▶ [The task]:
Find "12 In one of" in the entries below; copy that line through the last, exactly, with no pictures.

▶ [Records provided]:
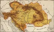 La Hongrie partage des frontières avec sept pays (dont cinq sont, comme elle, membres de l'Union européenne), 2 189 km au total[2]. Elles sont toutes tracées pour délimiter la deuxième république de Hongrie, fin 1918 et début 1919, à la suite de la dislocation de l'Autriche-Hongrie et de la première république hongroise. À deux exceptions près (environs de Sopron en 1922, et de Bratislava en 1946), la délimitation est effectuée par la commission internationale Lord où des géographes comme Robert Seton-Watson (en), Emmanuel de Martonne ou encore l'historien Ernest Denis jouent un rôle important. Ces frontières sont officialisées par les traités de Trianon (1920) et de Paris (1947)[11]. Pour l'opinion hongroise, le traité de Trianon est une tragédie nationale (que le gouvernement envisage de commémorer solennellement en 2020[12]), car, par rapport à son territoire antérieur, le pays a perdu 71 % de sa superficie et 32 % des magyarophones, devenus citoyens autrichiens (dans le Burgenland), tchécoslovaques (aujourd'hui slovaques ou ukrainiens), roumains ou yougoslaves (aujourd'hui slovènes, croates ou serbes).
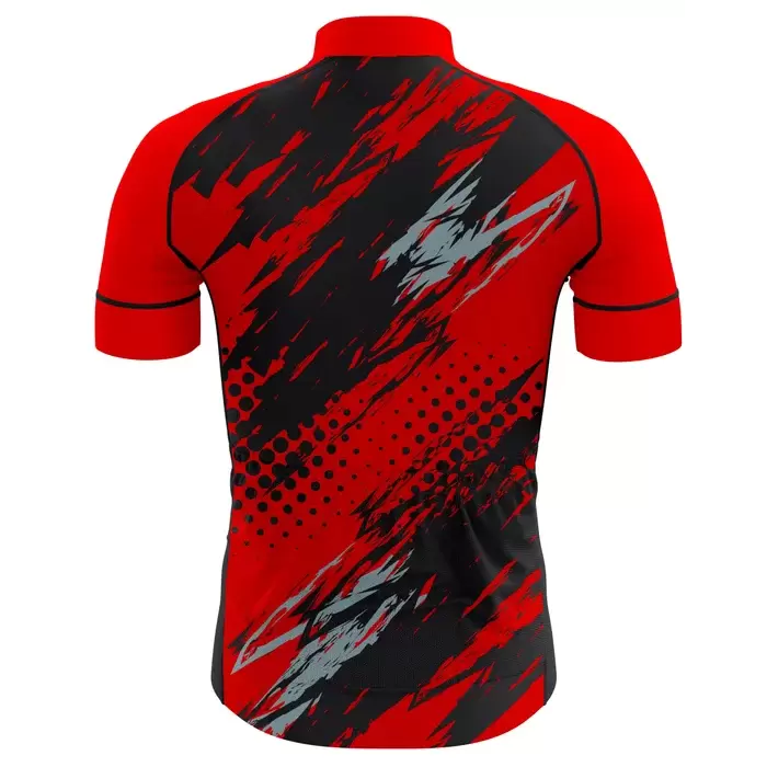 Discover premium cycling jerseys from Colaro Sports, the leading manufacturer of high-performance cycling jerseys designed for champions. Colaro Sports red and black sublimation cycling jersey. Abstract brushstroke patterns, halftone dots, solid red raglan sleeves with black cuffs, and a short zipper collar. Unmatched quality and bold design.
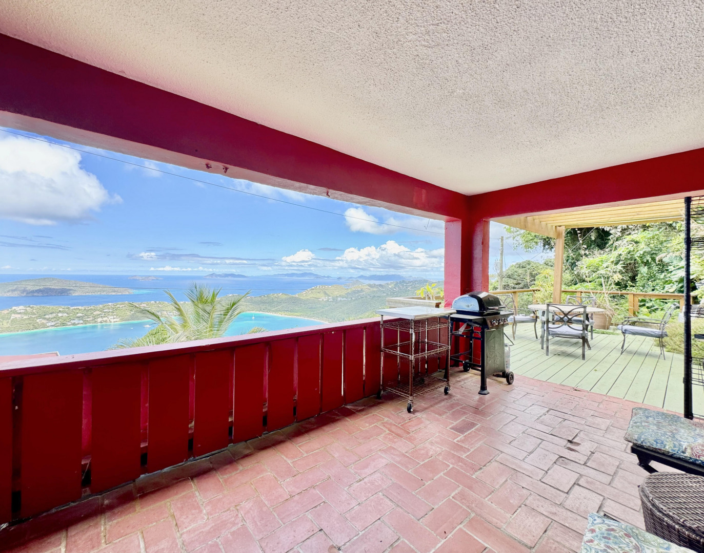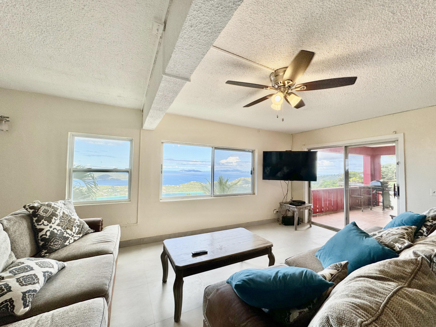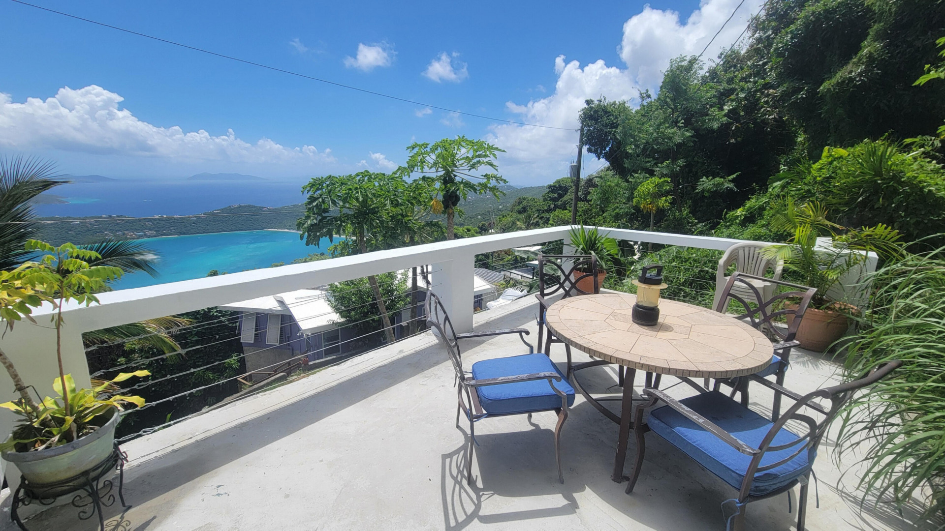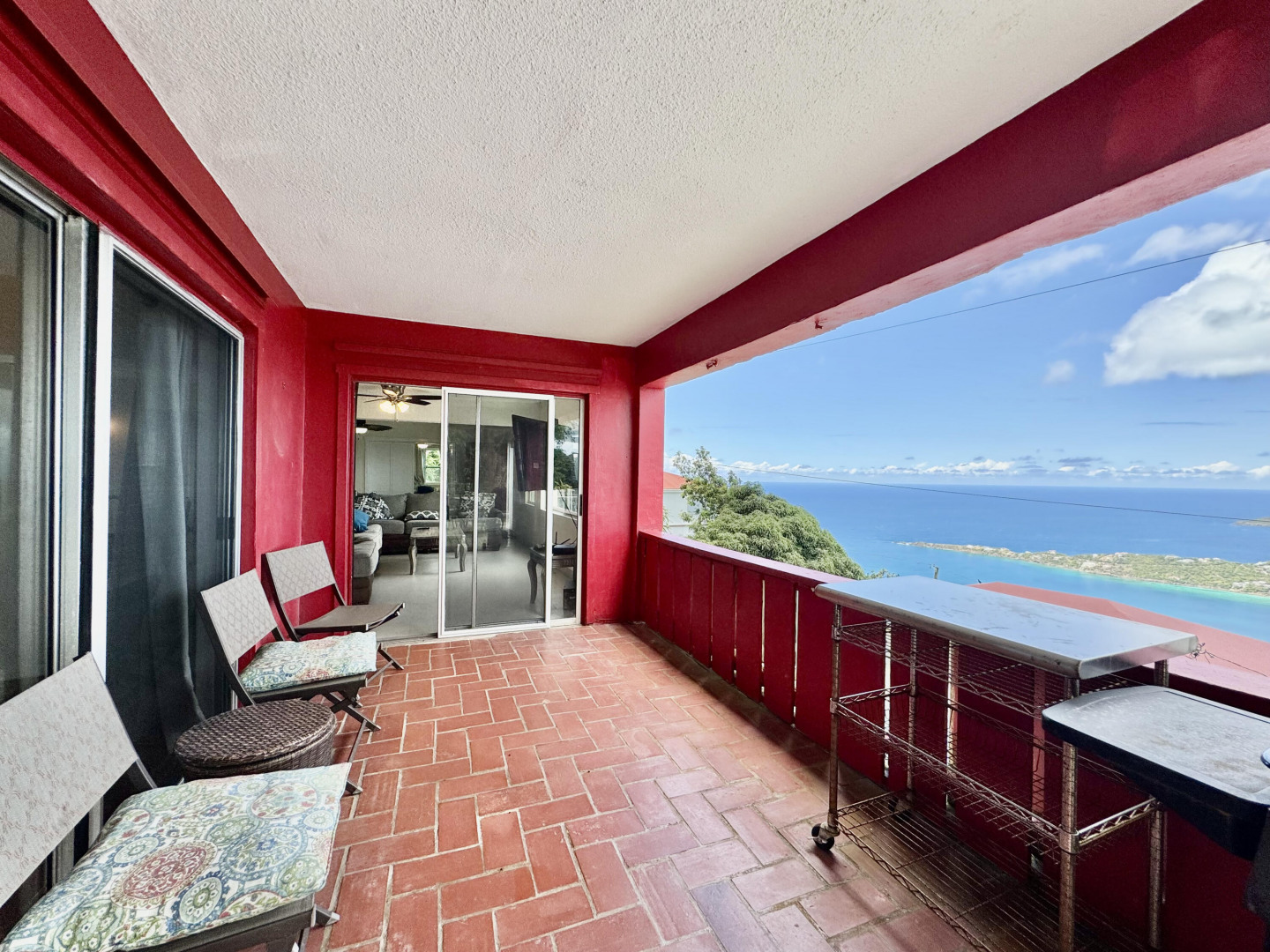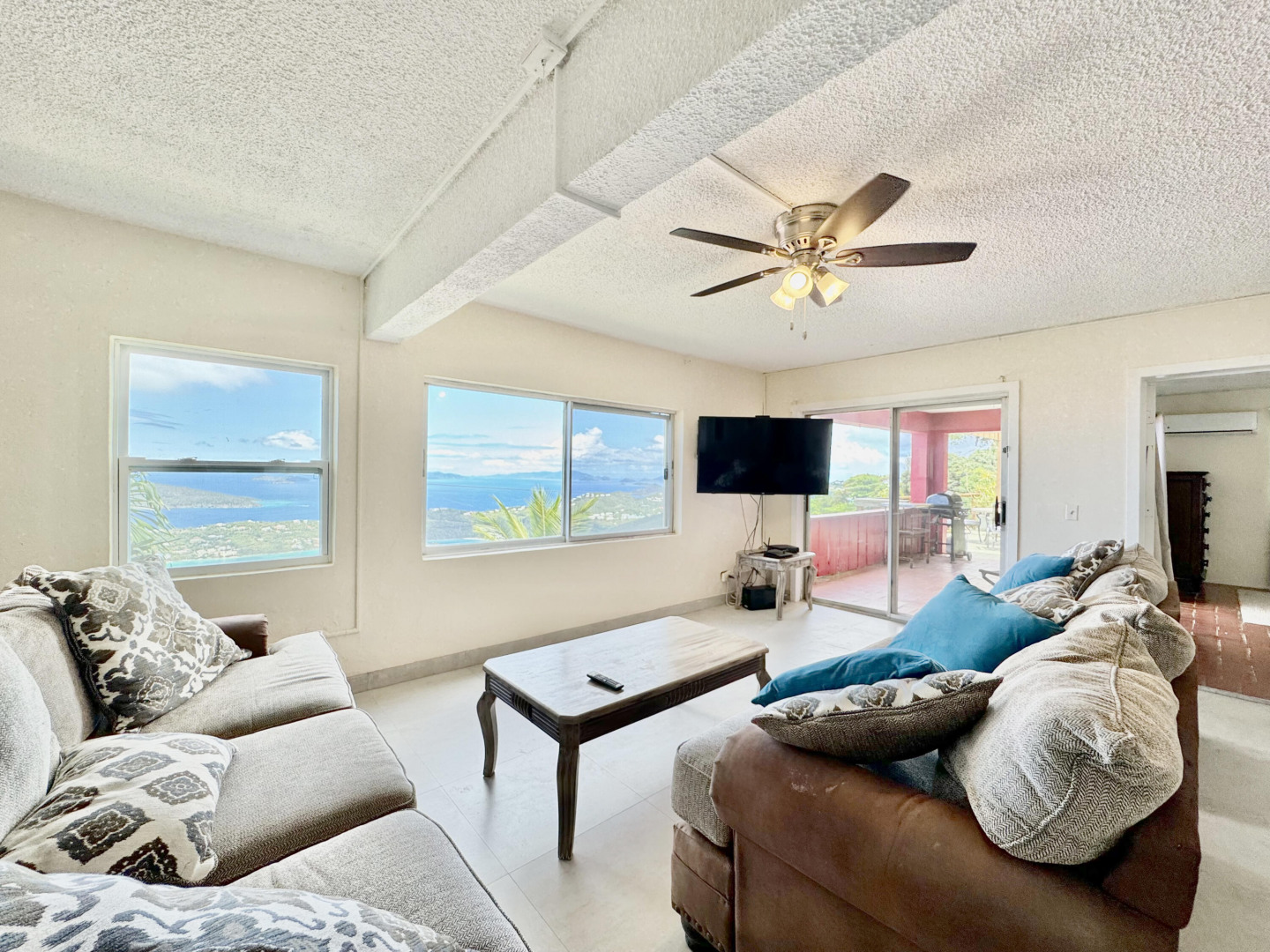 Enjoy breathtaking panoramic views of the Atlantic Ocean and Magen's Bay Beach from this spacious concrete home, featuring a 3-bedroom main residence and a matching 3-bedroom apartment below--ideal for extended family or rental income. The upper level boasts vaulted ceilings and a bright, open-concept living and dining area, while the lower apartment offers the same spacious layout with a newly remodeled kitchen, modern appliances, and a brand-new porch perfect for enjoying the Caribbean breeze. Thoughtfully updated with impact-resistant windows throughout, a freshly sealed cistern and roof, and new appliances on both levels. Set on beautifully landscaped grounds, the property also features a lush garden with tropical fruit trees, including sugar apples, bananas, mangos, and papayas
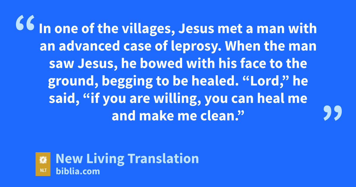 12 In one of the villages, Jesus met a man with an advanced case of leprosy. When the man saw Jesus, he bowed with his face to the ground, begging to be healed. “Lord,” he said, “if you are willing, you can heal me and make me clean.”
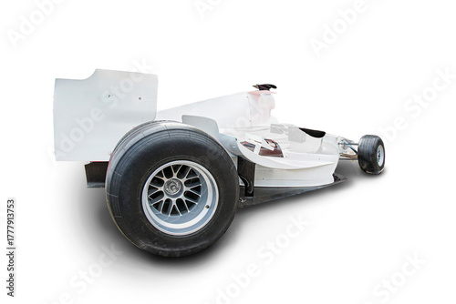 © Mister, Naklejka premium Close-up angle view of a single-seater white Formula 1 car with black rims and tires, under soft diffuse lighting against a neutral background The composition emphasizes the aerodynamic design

▶ [Result below]:
 12 In one of the villages, Jesus met a man with an advanced case of leprosy. When the man saw Jesus, he bowed with his face to the ground, begging to be healed. “Lord,” he said, “if you are willing, you can heal me and make me clean.”
 © Mister, Naklejka premium Close-up angle view of a single-seater white Formula 1 car with black rims and tires, under soft diffuse lighting against a neutral background The composition emphasizes the aerodynamic design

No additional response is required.